The extent to which the Rev. Sharpton, head of an organization called the National Action Network, was fully conversant with local issues might have been tipped by his answer to another question: How did he regard the recently filed federal lawsuit, evoking Dr. Martin Luther King as he had done and based on the same civil rights assumptions that he had just invoked against the charter, that had put the results of the November 2 vote in legal limbo?

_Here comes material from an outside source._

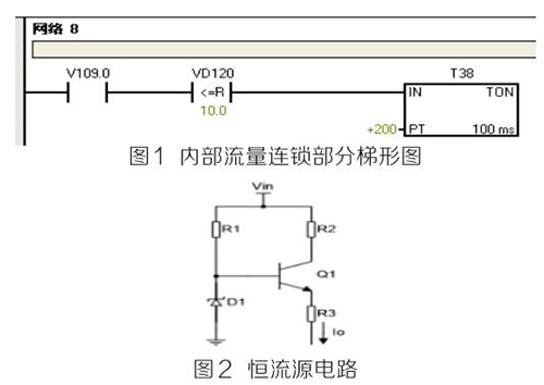 (2)PLC及模塊。PLC及模塊是自動化控制系統(tǒng)主要設(shè)備,且PLC及模塊屬于高集成高精密電子設(shè)備,保持室內(nèi)整潔舒適,可以提高自動化系統(tǒng)運行穩(wěn)定性。PLC及模塊硬件運行可靠,內(nèi)部控制程序是其控制核心軟件,如PLC硬件出現(xiàn)故障或損壞一般直接更換,但原內(nèi)部控制軟件無法上傳,整個控制系統(tǒng)成失控狀態(tài)。所以其內(nèi)部控制程序在調(diào)試驗收合格后應(yīng)及時備份并做好標(biāo)記,為以后修復(fù)PLC故障提供保障。PLC系統(tǒng)的維護(hù)技術(shù)人員需掌握一定基礎(chǔ)PLC控制邏輯原理,對準(zhǔn)確判斷PLC故障點有很大的幫助。例如選礦廠水泵房S7-200系列PLC自動抽水系統(tǒng)出現(xiàn)如下故障 :觸摸屏能控制變頻器啟動水泵抽水,但在短時間內(nèi)會自動停泵,導(dǎo)致無法正常抽水。通過故障現(xiàn)象可初步判斷PLC及模塊硬件設(shè)備正常,主要由于某個變量有問題導(dǎo)致連鎖停機。打開備份PLC控制梯形圖程序進(jìn)行相關(guān)分析,原來是高溫液體流量計瞬時流量數(shù)值做了連鎖,其在一定時間內(nèi)瞬時流量不大于10m 3 /h時,自動停泵,電磁流量模擬量輸出電流值僅為4ma且無變化,確定高溫液體流量計有故障??膳R時應(yīng)急維修,模擬量模塊輸入模擬電流值10ma~20ma之間一固定數(shù)值即可恢復(fù)正常運行。制作簡單恒流源電路代替高溫液體流量計輸出的模擬電流量,實現(xiàn)解決水泵無法正常運行的故障。
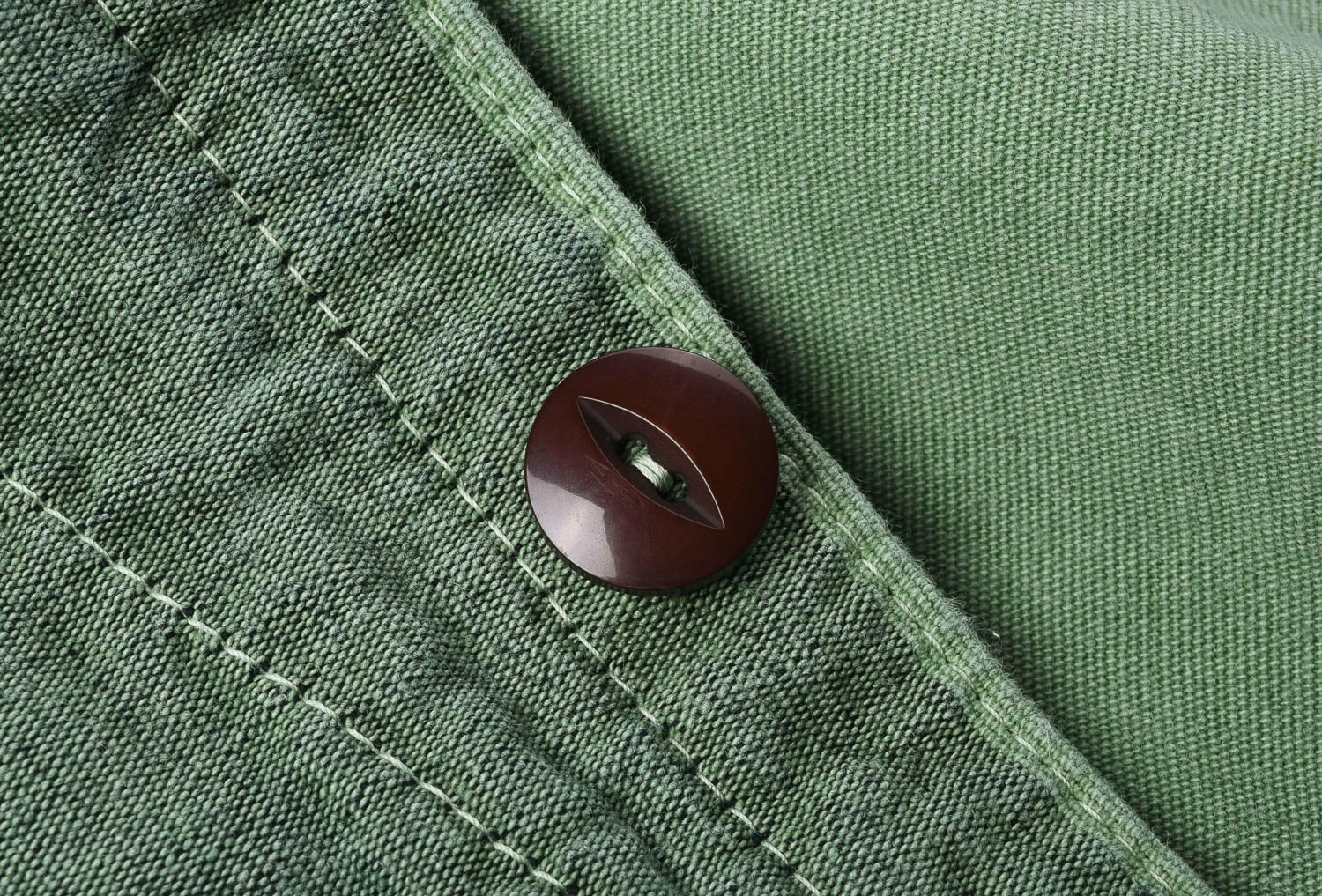 This one is dyed with Chlorophyll, a dye hard to obtain due to it denaturing and changing to darker brown. It imparts a delicate green, softer than mineral dyes such as viridian or verdigris, and cleaner than mixed greens like those derived from turmeric and indigo.

“Again, I have serious questions about what happened on August 5,” Sharpton answered, confusing litigation aimed at the state law mandating separate city/county tallies of consolidation votes with the recently dismissed Chancery lawsuit seeking to overturn the results of this summer’s county election. Significant numbers of inner-city African-American Democrats had conflated their suspicion of the August election outcome with their opposition to consolidation, and, in his remarks, Sharpton, too, had linked the two cicumstances as instances of "co-option".
(That particular neologism figured prominently in Sharpton's speech. A central tenet of his opposition on behalf of inner-city Memphis had to do with the fact that the city would surrender its charter, while the surrounding munipalities would not be required to. “If you're the only one putting up your charter, then that's not consolidation, that’s co-option.”)
What did Sharpton make of the fact that consolidation had drawn passionate opposition from white suburbanites as well as black city dwellers? “Well, sometimes there are unusual alliances. People get to the same place for different reasons. I think that’s all the more reason why this should be defeated, because you have people from different perspectives that agree with the same conclusions.”
In the case of consolidation, of course, those “different perspectives” are akin to those featured by Poe in the famous story, “The Murders in the Rue Morgue,” in which bystanders, on the basis of some overheard shrieks, all describe the perpetrator (who turns out to be an out-of-control orangutan) as belonging to some human faction other than themselves.
Similarly, suburban opponents of consolidation see it as a scheme emanating from the inner city, while residents of the urban core, newly up in arms against the referendum, denounce it as a plot to disenfranchise Memphis for the benefit of the outer municipalities. Not quite “the same conclusions.” What these attitudes have in common is a vision of lost local sovereignty, a dread of surrendering political control to a larger collective.
And, indeed, the frustrated protests from consolidation supporters that the proposed charter hasn’t really been read, or understood, or given a fair shake are irrelevant to this kind of visceral reaction. Logical arguments about the governmental and economic improvements to be had from consolidation get nowhere. Increasingly, opponents of all kinds are saying it’s spinach, and they’re saying the hell with it. And the feeling — for that is what it is — is contagious.
Take Shelby County Commissioner James Harvey, for instance, who was cited to the crowd by Greg Grant, local president of the National Action Network and one of the impresarios Thursday. (Another was local AFSCME president Warren Cole.)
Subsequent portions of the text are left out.